### Data shown

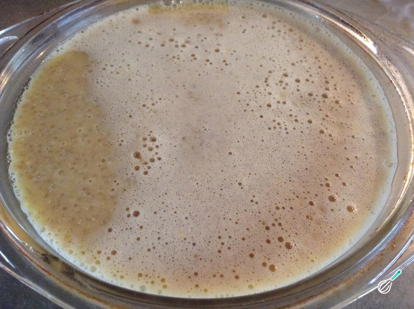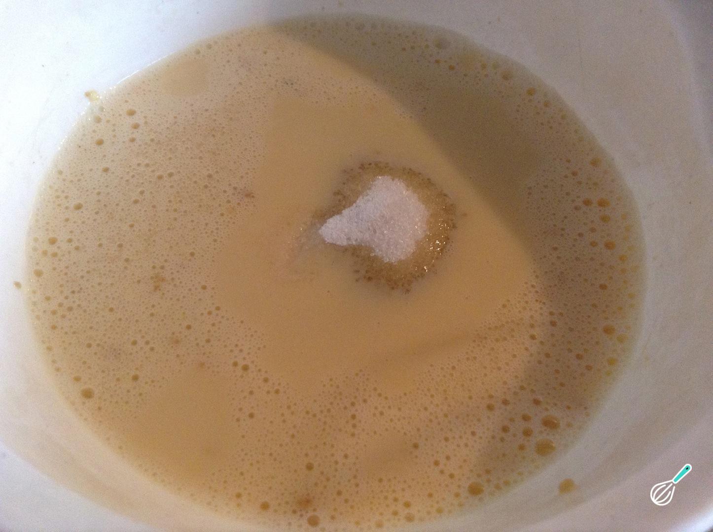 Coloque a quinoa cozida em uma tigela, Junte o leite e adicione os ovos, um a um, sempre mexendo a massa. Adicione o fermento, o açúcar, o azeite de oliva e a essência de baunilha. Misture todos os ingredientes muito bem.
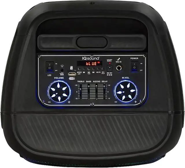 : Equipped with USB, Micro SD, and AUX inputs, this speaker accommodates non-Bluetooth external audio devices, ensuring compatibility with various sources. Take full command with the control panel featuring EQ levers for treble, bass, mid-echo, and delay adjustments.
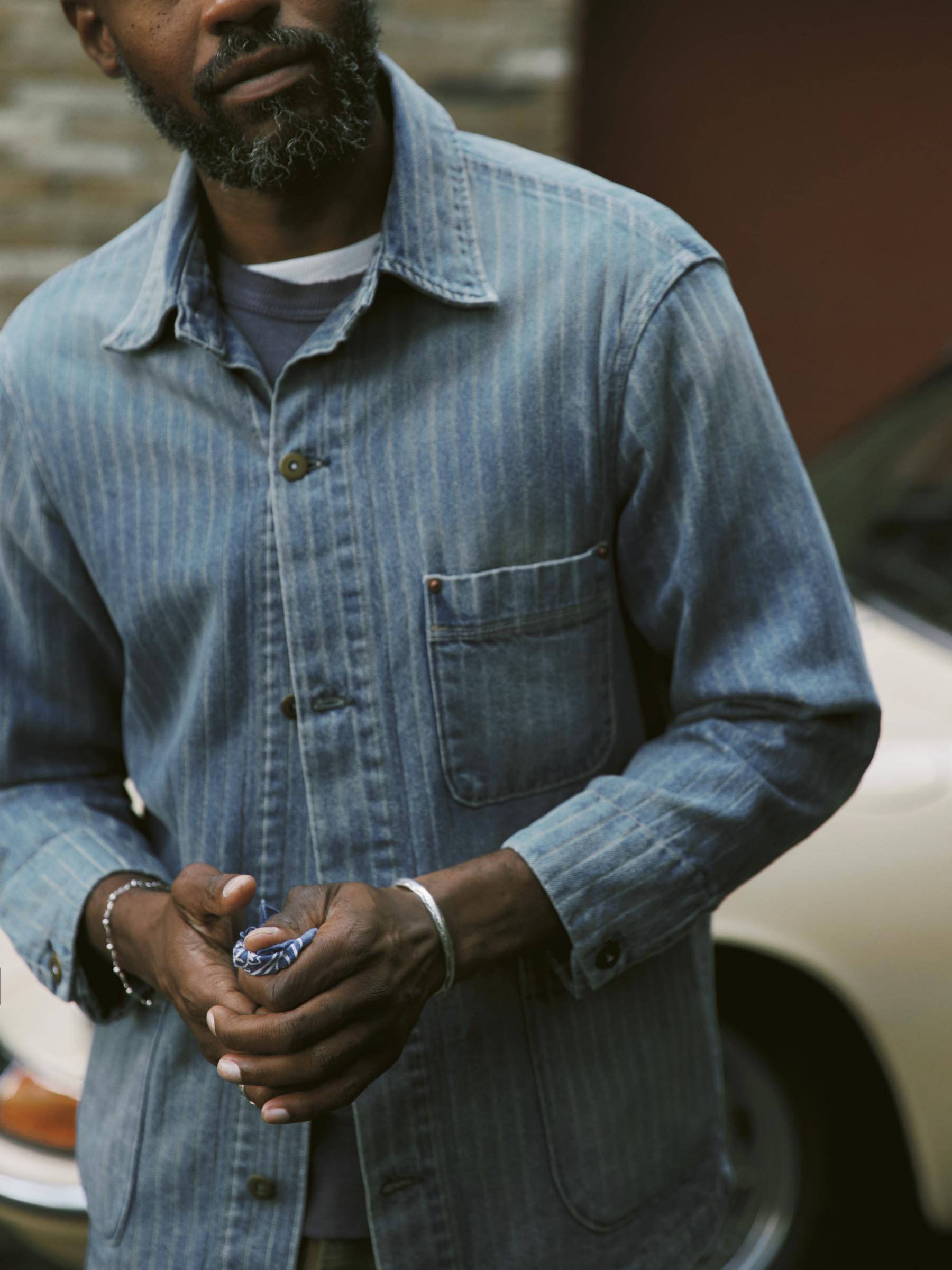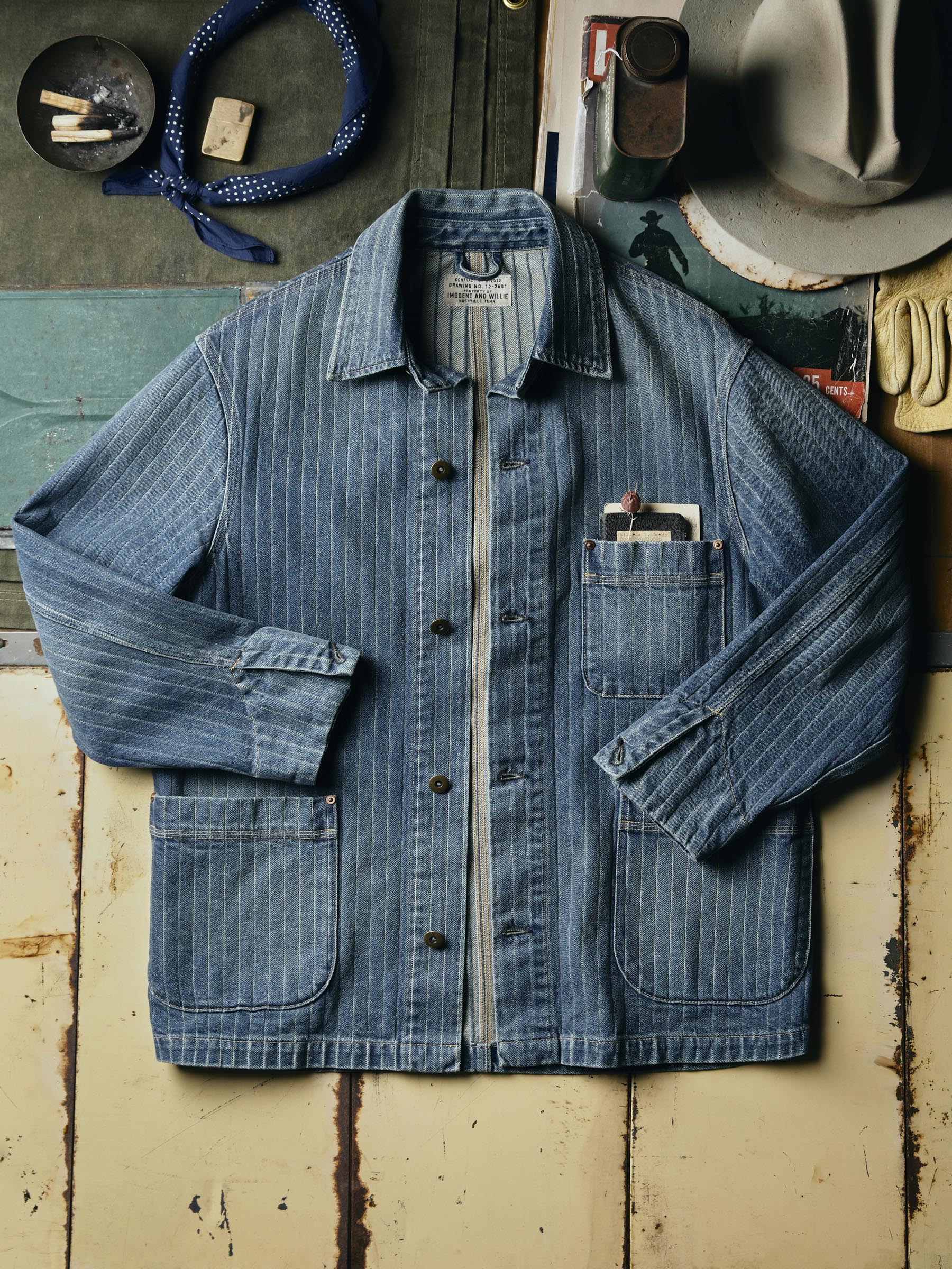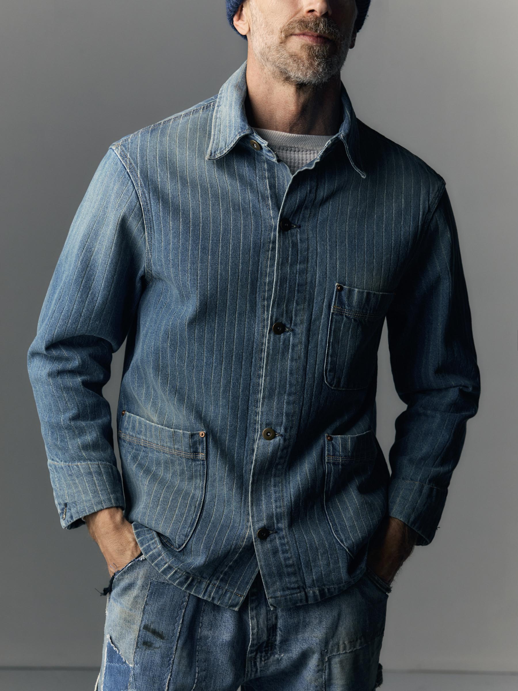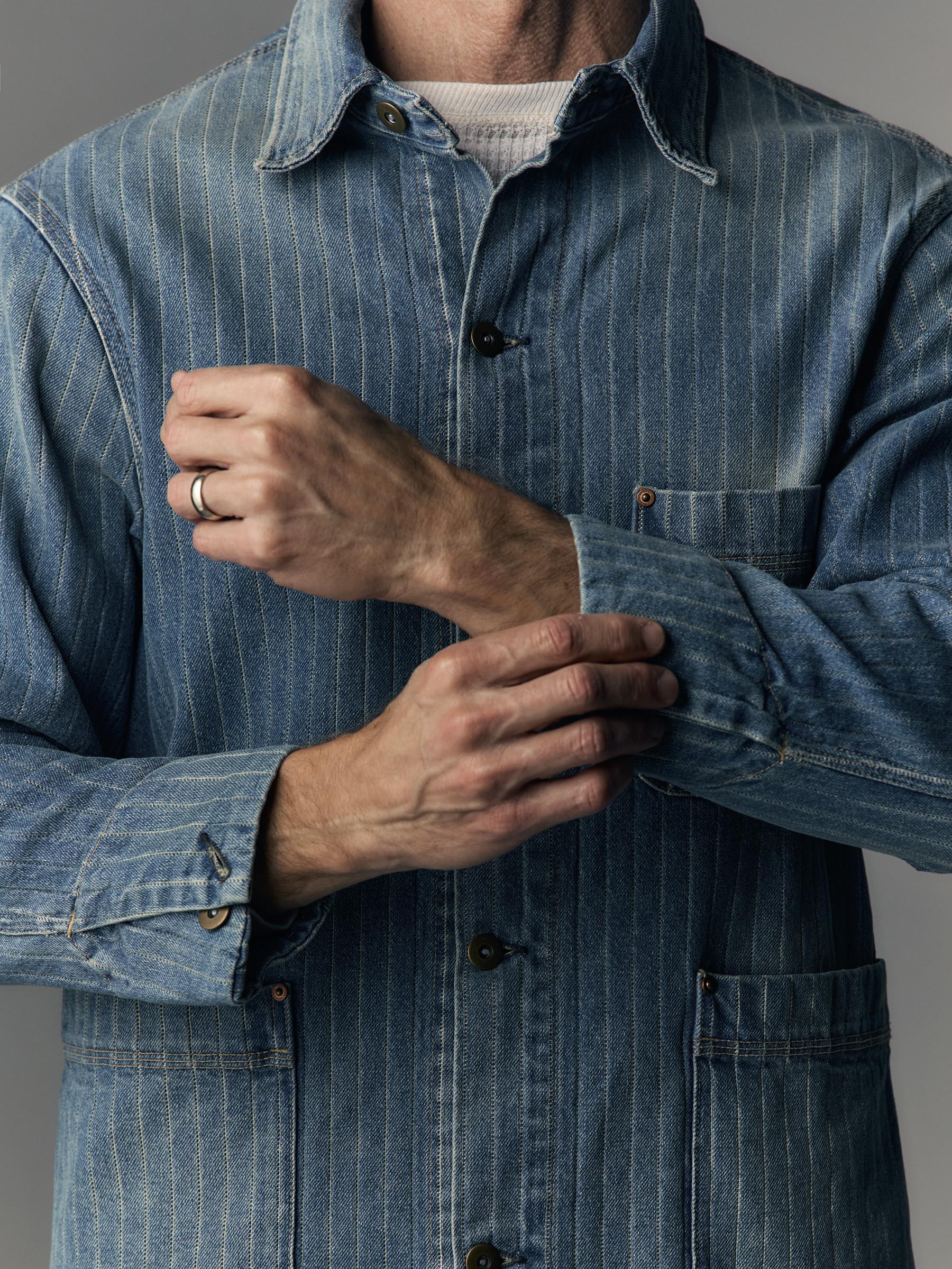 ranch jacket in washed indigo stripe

######

Exercise directions
Your task is to restate word for word the lines from the one containing "and delay adjustments." through the last line of the data, both ends included, with no pictures.

Answer box
 : Equipped with USB, Micro SD, and AUX inputs, this speaker accommodates non-Bluetooth external audio devices, ensuring compatibility with various sources. Take full command with the control panel featuring EQ levers for treble, bass, mid-echo, and delay adjustments.
 ranch jacket in washed indigo stripe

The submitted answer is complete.